## ACTIVITY
In duplicating the lines below, keep every word unchanged and drop the pictures.

## COLLECTED MATERIAL

○ ○ ○

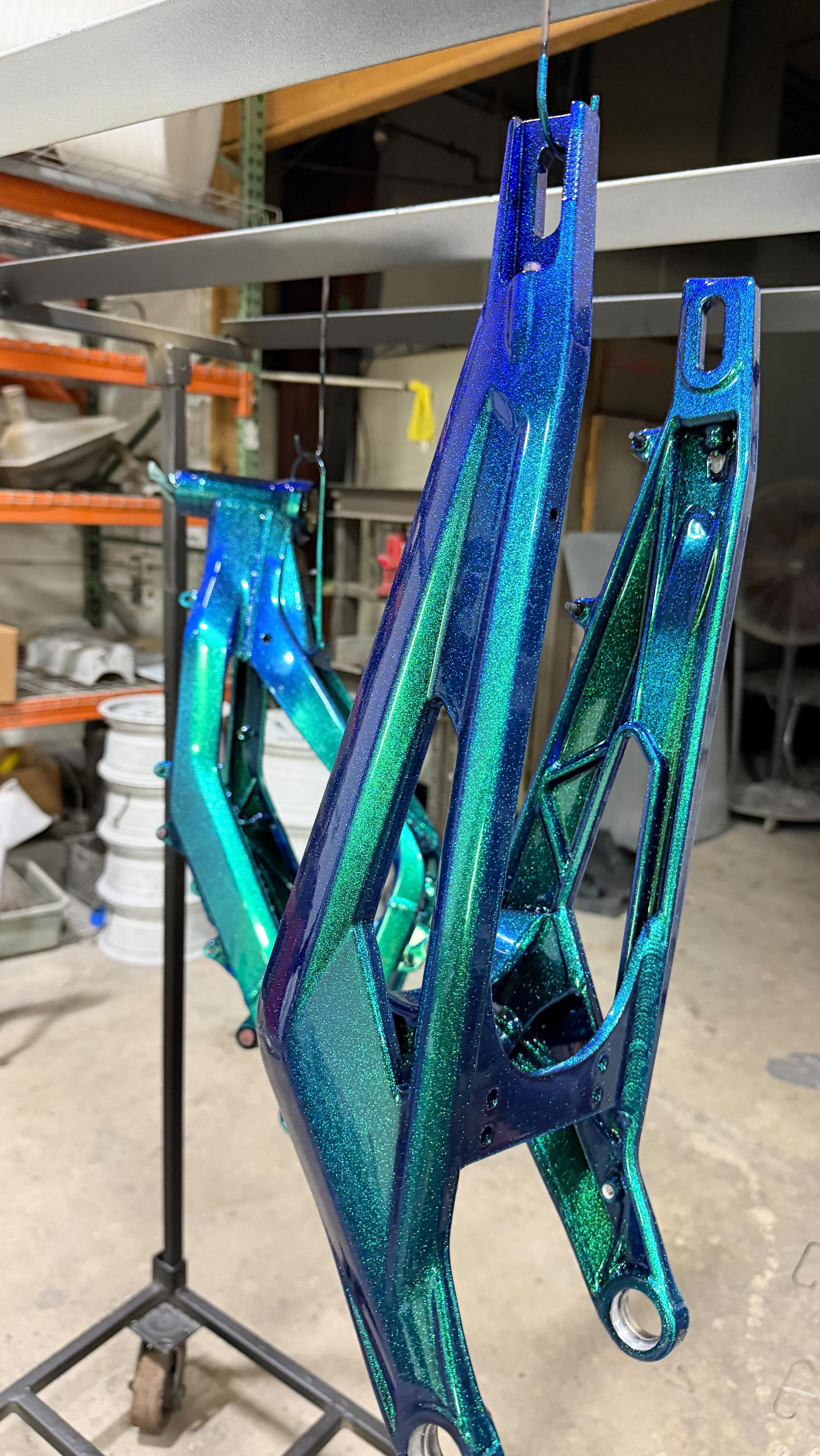 Powder is applied dry and unlike paint, doesn’t require a dry time. The parts are cured in an industrial oven at up to 400 degrees. Once they’re cool to the touch, they’re ready to be put into service. Some parts require special epoxy primers or clear coats that further protect the metal and coating from the elements.
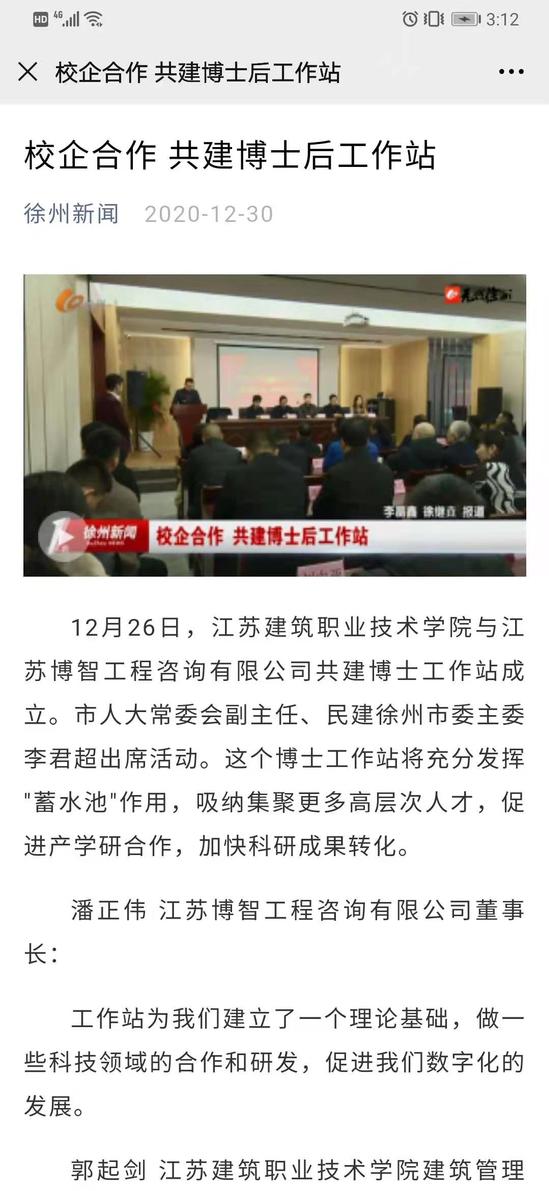 12月26日,MK.COM与江苏博智工程咨询有限公司共建博士工作站成立。市人大常委会副主任、民建徐州市委主委李君超出席活动。这个博士工作站将充分发挥 蓄水池作用,吸纳集聚更多高层次人才,促进产学研合作,加快科研成果转化。
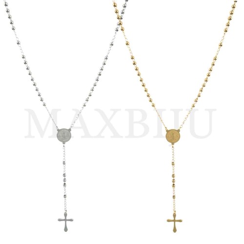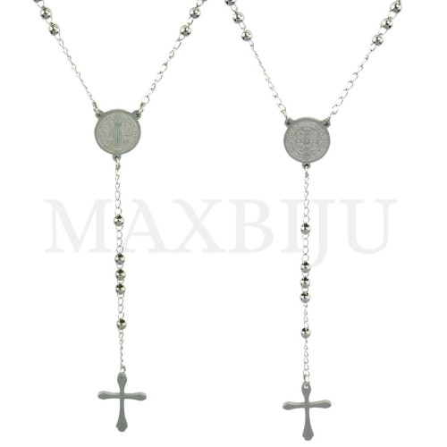 Stainless Steel Rosary of "São Bento" 50cm Pendant - 10x10mm Cross - 12x19mm Bead - 2mm Quantity per Package: Sold Individually...
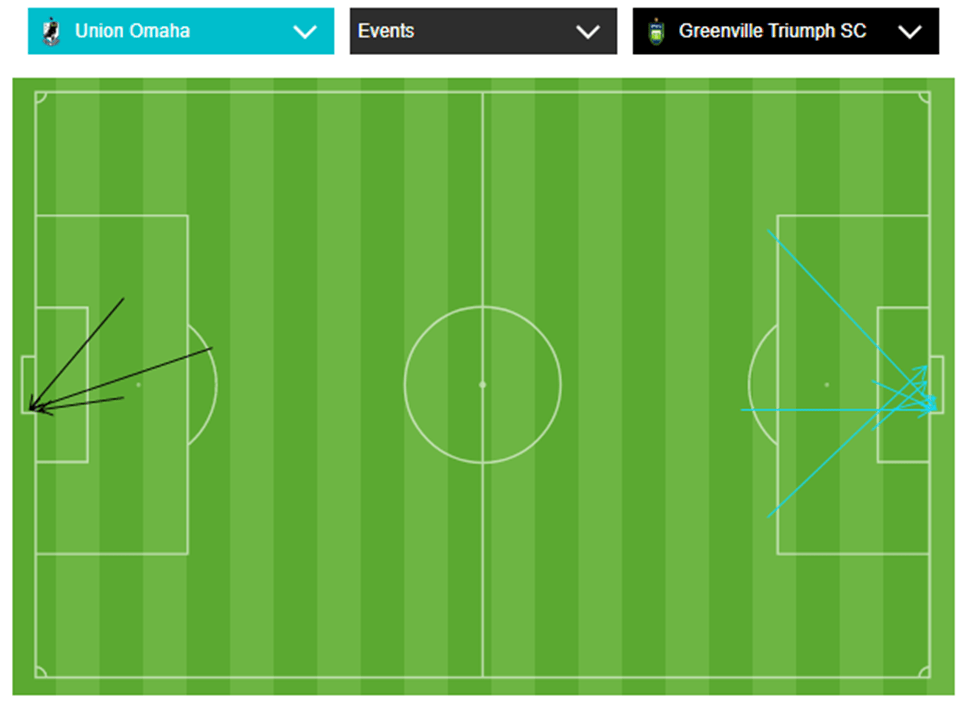 Another difference in this year’s edition of the Greenville Triumph is their eagerness to take shots. Last year’s team finished third in the league with 379 shots. In 2021, Greenville had 125 shots through 10 games, averaging 12.5 shots per game. This year, the club has 153 shots through ten games, almost three more shots per game. With each additional shot comes more opportunities to clean up the rebound, test the goalkeeper, and earn corner kicks off of defensive clearances. They’ll have a tough test ahead with a Union Omaha team that moves around the field well and closes up the shot windows and passing lanes.

○ ○ ○

## PROBLEM SOLUTION
 Powder is applied dry and unlike paint, doesn’t require a dry time. The parts are cured in an industrial oven at up to 400 degrees. Once they’re cool to the touch, they’re ready to be put into service. Some parts require special epoxy primers or clear coats that further protect the metal and coating from the elements.
 12月26日,MK.COM与江苏博智工程咨询有限公司共建博士工作站成立。市人大常委会副主任、民建徐州市委主委李君超出席活动。这个博士工作站将充分发挥 蓄水池作用,吸纳集聚更多高层次人才,促进产学研合作,加快科研成果转化。
 Stainless Steel Rosary of "São Bento" 50cm Pendant - 10x10mm Cross - 12x19mm Bead - 2mm Quantity per Package: Sold Individually...
 Another difference in this year’s edition of the Greenville Triumph is their eagerness to take shots. Last year’s team finished third in the league with 379 shots. In 2021, Greenville had 125 shots through 10 games, averaging 12.5 shots per game. This year, the club has 153 shots through ten games, almost three more shots per game. With each additional shot comes more opportunities to clean up the rebound, test the goalkeeper, and earn corner kicks off of defensive clearances. They’ll have a tough test ahead with a Union Omaha team that moves around the field well and closes up the shot windows and passing lanes.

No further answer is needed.